Horyzonty Bankowości 2015: Strategia banków po roku 2015 wypadkową unijnych regulacji?
Do takich konkluzji można było dojść słuchając wybitnych ekspertów bankowych, analizujących przewidywane modele funkcjonowania instytucji finansowych podczas II sesji II Forum Strategii Bankowych, zatytułowanej: "Polityczne i regulacyjne determinanty strategii banków po roku 2015".
Stanisław Brzeg-Wieluński
Dr hab. Krzysztof Kalicki, prezes zarządu Deutsche Banku Polska S.A. zauważył, że obecna sytuacja europejskich banków jest efektem polityki monetarnej i gospodarczej krajów UE. Dołożyła się do tego negatywnie amerykańska ekspansywna polityka akcji kredytowej, opartej na domniemanym zabezpieczeniu banków przez agendy rządowe, co działo się także w Europie. W konsekwencji wyhodowano bańkę na rynku kredytów hipotecznych i samym rynku kapitałowym.
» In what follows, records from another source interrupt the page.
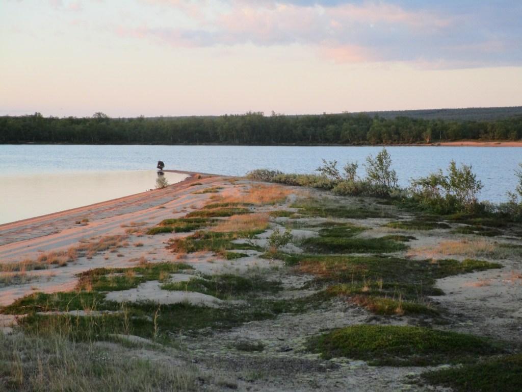 Vi våkner til en tiltakende varme. Jeg husker på Lars Monsens knep med å ta liggeunderlaget over seg, og ligge direkte mot den kjølende bakken. Vi gjør det og berger et par timers ekstra søvn. Til slutt står vi opp og setter over kaffekjelen. Lufta dirrer av et kraftig høytrykk som ligger trygt plassert over Kolahalvøya. Russevarmen ligger som et lokk over Nordkalotten. Dagens plan er å fiske oss nordover langs Vuottašjávris bredder, samt utforske nærliggende vann.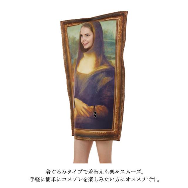 | イベントや宴会で大爆笑!注目度バツグンのモナリザ絵画のコスチューム衣装です。 着ぐるみタイプで着替えも楽々スムーズ。手軽に簡単にコスプレを楽しみたい方にオススメです。 特別なデザイン、個性的でどこへ着て行っても目立つこと間違いなし! ハロウィーンパーティーはもちろん、お祭りやお遊戯会、学園祭、文化祭、発表会、お誕生会、クリスマス、イベント時などのcosplay | |
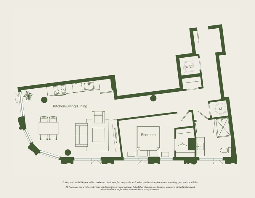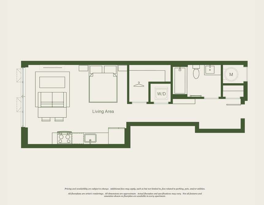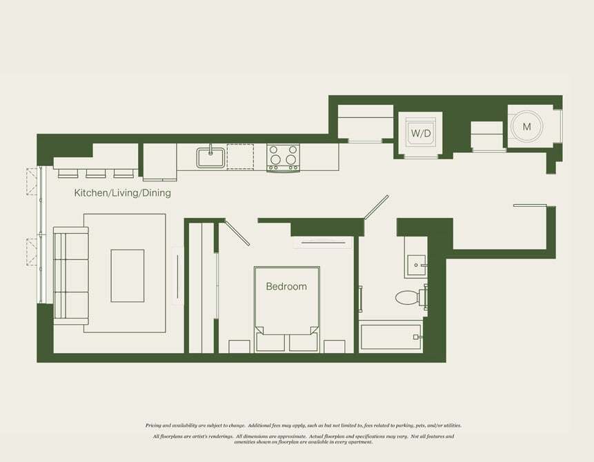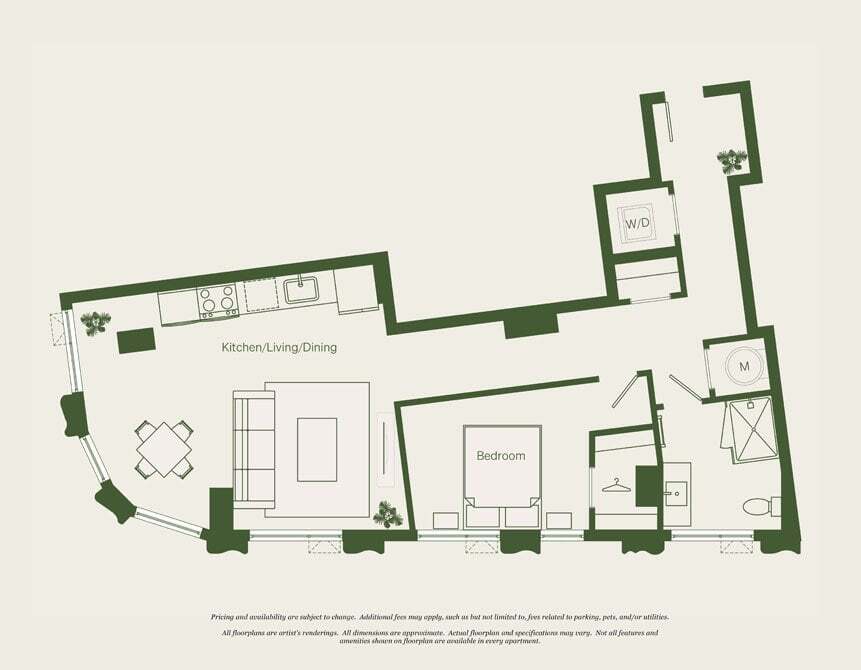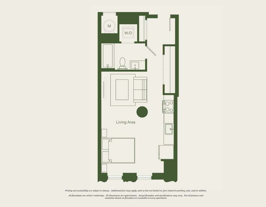 Studio, 1 Bath, 556 sq ftAvailable NowLargest StudioThis is the largest Studio at this PropertyModel Gallery

Globalny kryzys dowiódł, że standardy bankowe okazały się zbyt słabe, a kapitały mające pokrywać ryzyko były niedostateczne. Dotyczyło to zwłaszcza płynności. Okazało się przy tym, że zarządzanie ryzykiem jest bardziej kompleksowe niż oczekiwano. Banki postawiły więc na arbitraż regulacyjny, a państwa uznały, że instytucje te są zbyt duże, aby pozwolić im upaść. Podatnik z trwogą obserwował jak z budżetu państwa banki amerykańskie otrzymały 1,5 biliona USD, a unijne 1,5 bln euro – wszystko po to, aby nie zbankrutowały.
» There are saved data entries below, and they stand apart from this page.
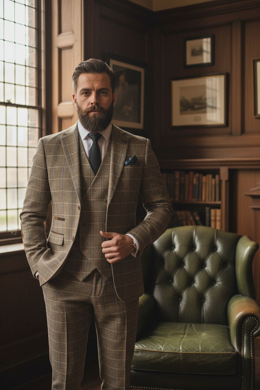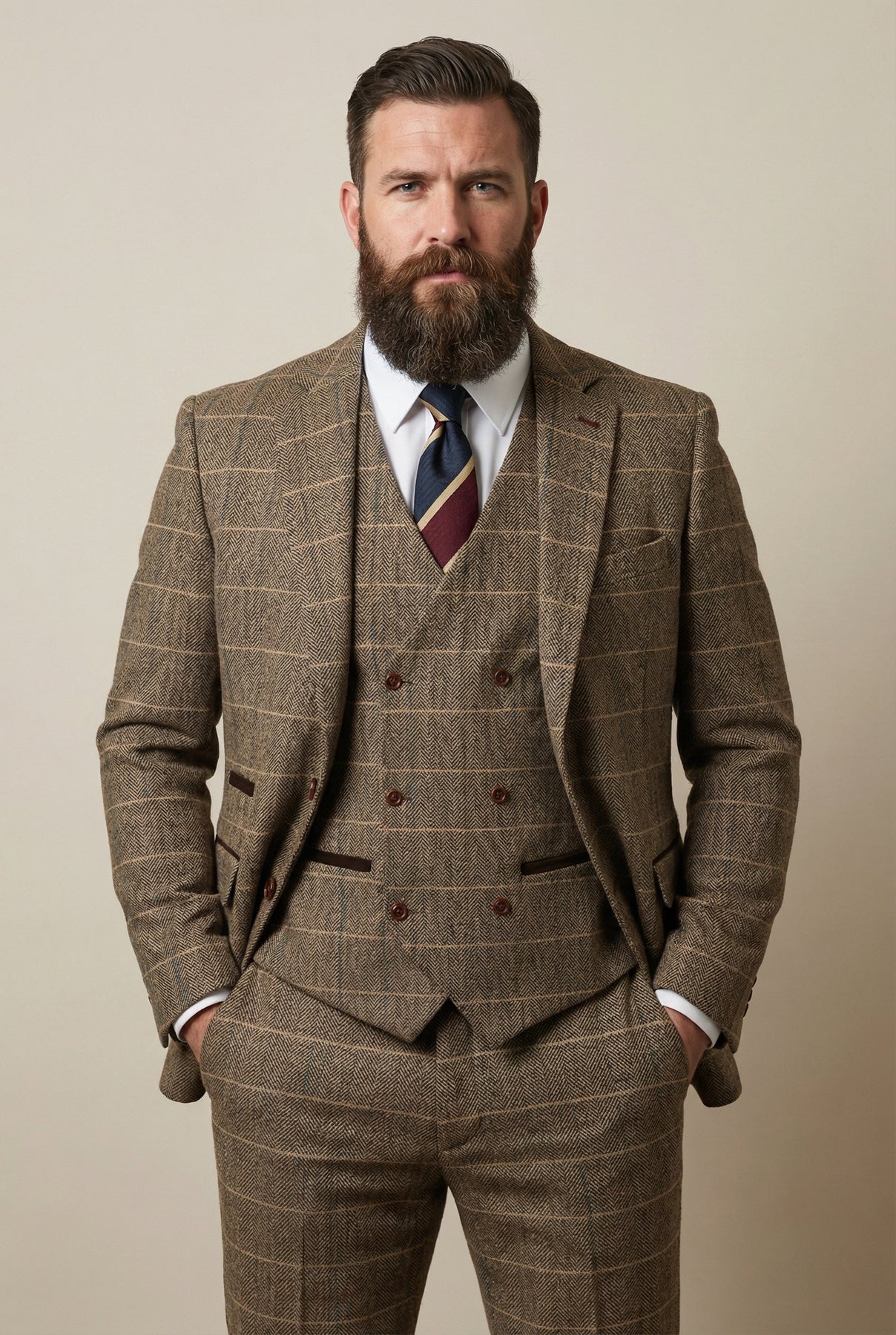 Auf den ersten Blick erinnert dieser Anzug an klassischen Tweed – man denkt an englische Herrenhäuser, Rauchzimmer und einen schweren Portwein. Doch lass dich nicht täuschen: Der Stoff ist eine raffinierte Mischung aus 10% Wolle und 90% Polyester. Das Ergebnis? Der Look von authentischem Tweed, aber ohne das schwere, steife Gefühl.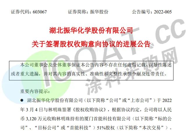 3月7日,湖北振華化學股份有限公司公告稱,公司與林明珠簽署《股權收購協議》,將以3120萬元收購林明珠持有的首能科技51%股權。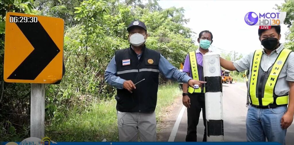ทั้งนี้ นายนรินทร์ เอี่ยมครอง รองผู้อำนวยการแขวงทางหลวงน่านที่ 1 ชี้แจงว่า แขวงทางหลวงน่านที่ 1 ได้รับงบประมาณในการจัดชื้อหลักนำทางยางพาราในปี 2564 โดยเป็นนโยบายเพื่อช่วยเหลือเกษตรกรชาวสวนยางพาราของรัฐบาล ให้นำมาติดตั้งแทนเสาคอนกรีตที่มีอยู่และเพิ่มเติมในส่วนที่ติดตั้งไม่ครบ เพื่อช่วยลดการสูญเสียจากการชน และใช้เป็นแนวนำทางในการขับรถ ไม่ได้ป้องกันรถชน เพราะถ้าชนไม่ว่าเป็นเสาคอนกรีตหรือเสายางพาราก็กั้นไม่อยู่ ในส่วนที่มีไม้ไผ่ในเสาเพื่อเป็นการช่วยติดตั้งให้ไวขึ้น เนื่องจากตอนได้เสามาใหม่ๆ เสามีความอ่อน ทำให้การติดตั้งเป็นไปได้ยาก จึงนำไม้ไผ่สอดไว้ข้างใน เพื่อเป็นหลักยึดในการติดตั้ง ส่วนไม้มีการสูญสลายภายในไม่กี่เดือน และแขวงทางหลวงน่านที่ 1 ได้ติดตั้งตามแบบมาตรฐานของกรมทางหลวง จึงเป็นสาเหตุทำให้ผู้ที่พบเห็นว่ามีไม้ไผ่สอดด้านในนั้นเหมือนการคอร์รัปชัน สอดไส้เสาหลักเพื่อลดต้นทุนนั้นไม่จริง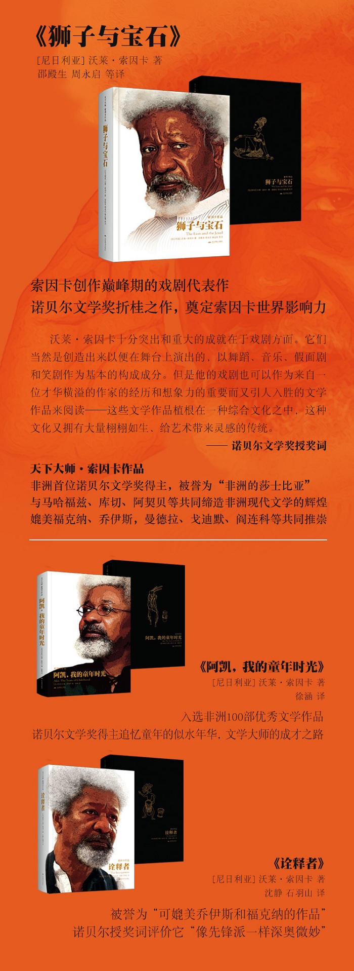 4. 索因卡系列代表作正式集结出版,全面展示他剧作家、小说家、诗人、评论家的文学才华与创作成就。

Nie udało się zlokalizować wszystkich źródeł kryzysu, które nie tkwiły tylko w upadku banku Lehmans Brothers. Banki zdecydowały się ograniczyć ryzyko i lewar, czyli kredytowanie gospodarki. W konsekwencji politycy postanowili, że należy uregulować wszystko, opierając się na Bazylei III. Pojawia się jednak pytanie – na ile w pojedynczych krajach skuteczny jest system kontroli państwa nad sektorem bankowym. Na ile wpływa to na przepisy wynikające z samych konstytucji krajów UE. Bruksela dążyła do ujednolicenia przepisów dotyczących usług finansowych, ubezpieczeń, funduszy, domów maklerskich. W konsekwencji tego miał powstać jednolity rynek kapitałowy Unii Europejskiej. Ale każdy taki projekt to de facto nowe regulacje i organy regulacyjne. Warto pamiętać, że CRD I miało 26 stron, dziś CRD IV liczy ponad 700 stron -przypomniał Krzysztof Kalicki.
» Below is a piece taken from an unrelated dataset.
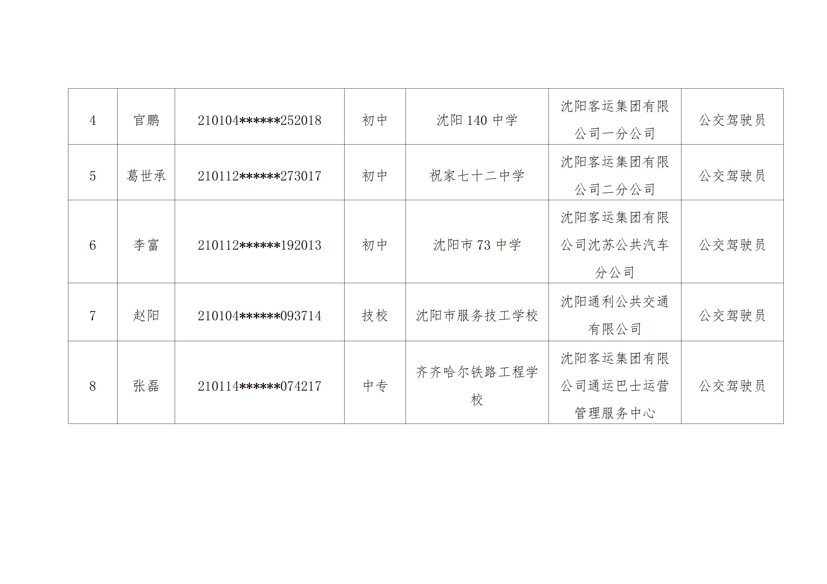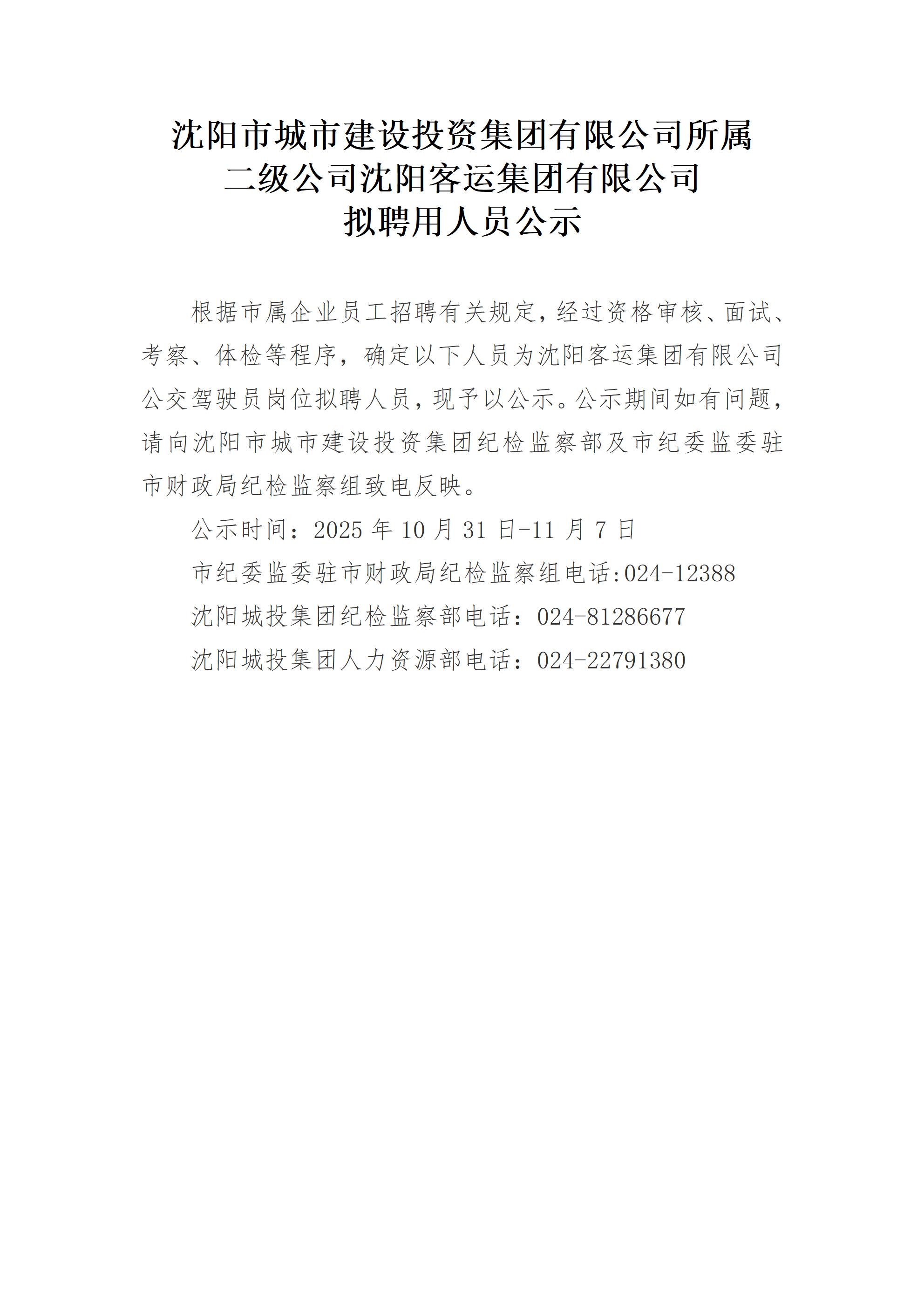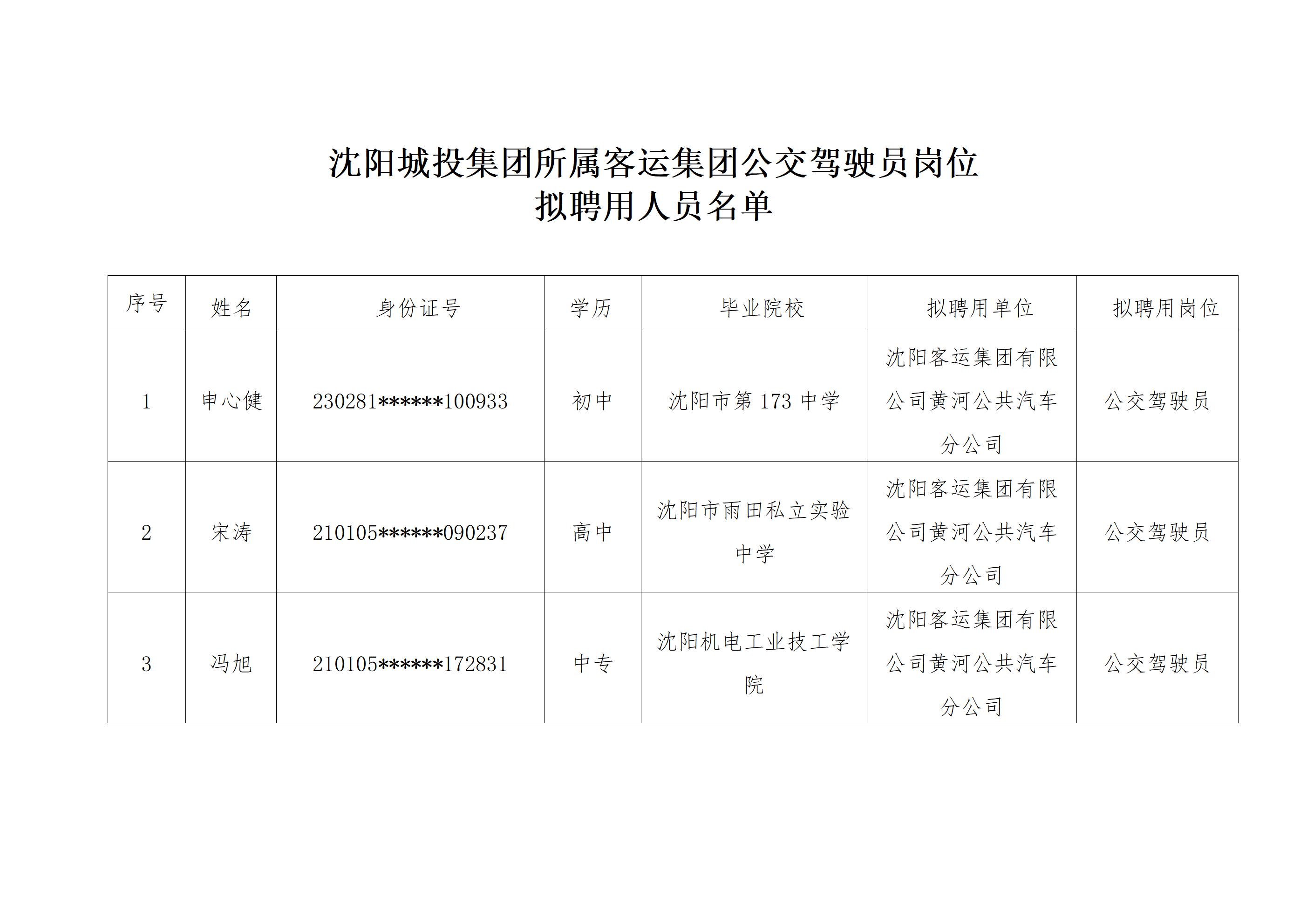 沈阳市城市建设投资集团有限公司所属二级公司沈阳客运集团有限公司拟聘用人员公示

Pojawiło się CRR, a za nim rekomendacje nadzoru, wpływające na politykę banków, procedury regulacyjne etc. Czy ktoś jest w stanie zapanować na całością regulacji, które mamy? Dziś same regulacje unijne to 40-50 dokumentów, a dodatkowo banki obciążone są regulacjami związanymi z amerykańską FATCĄ. – Tymczasem, jeśli regulacje przekraczają rozsądne granice i stają się tak kompleksowe, to banki rozdzielają odpowiedzialność za ich realizowanie pomiędzy różne działy administracyjne swoich instytucji. W konsekwencji powstają silosy – dochodzi do tego, że jedne regulacje walczą z innymi… A to ma potem skutki gospodarcze i polityczne. Tymczasem kapitał w banku powinien być dostosowany do strategii działania instytucji i ponoszonego ryzyka. Ciągłe narzucanie wymogu ...
Artykuł jest płatny. Aby uzyskać dostęp można:
- zalogować się na swoje konto, jeśli wcześniej dokonano zakupu (w tym prenumeraty),
- wykupić dostęp do pojedynczego artykułu: SMS, cena 5 zł netto (6,15 zł brutto) - kup artykuł
- wykupić dostęp do całego wydania pisma, w którym jest ten artykuł: SMS, cena 19 zł netto (23,37 zł brutto) - kup całe wydanie,
- zaprenumerować pismo, aby uzyskać dostęp do wydań bieżących i wszystkich archiwalnych: wejdź na BANK.pl/sklep.
Uwaga:
- zalogowanym użytkownikom, podczas wpisywania kodu, zakup zostanie przypisany i zapamiętany do wykorzystania w przyszłości,
- wpisanie kodu bez zalogowania spowoduje przyznanie uprawnień dostępu do artykułu/wydania na 24 godziny (lub krócej w przypadku wyczyszczenia plików Cookies).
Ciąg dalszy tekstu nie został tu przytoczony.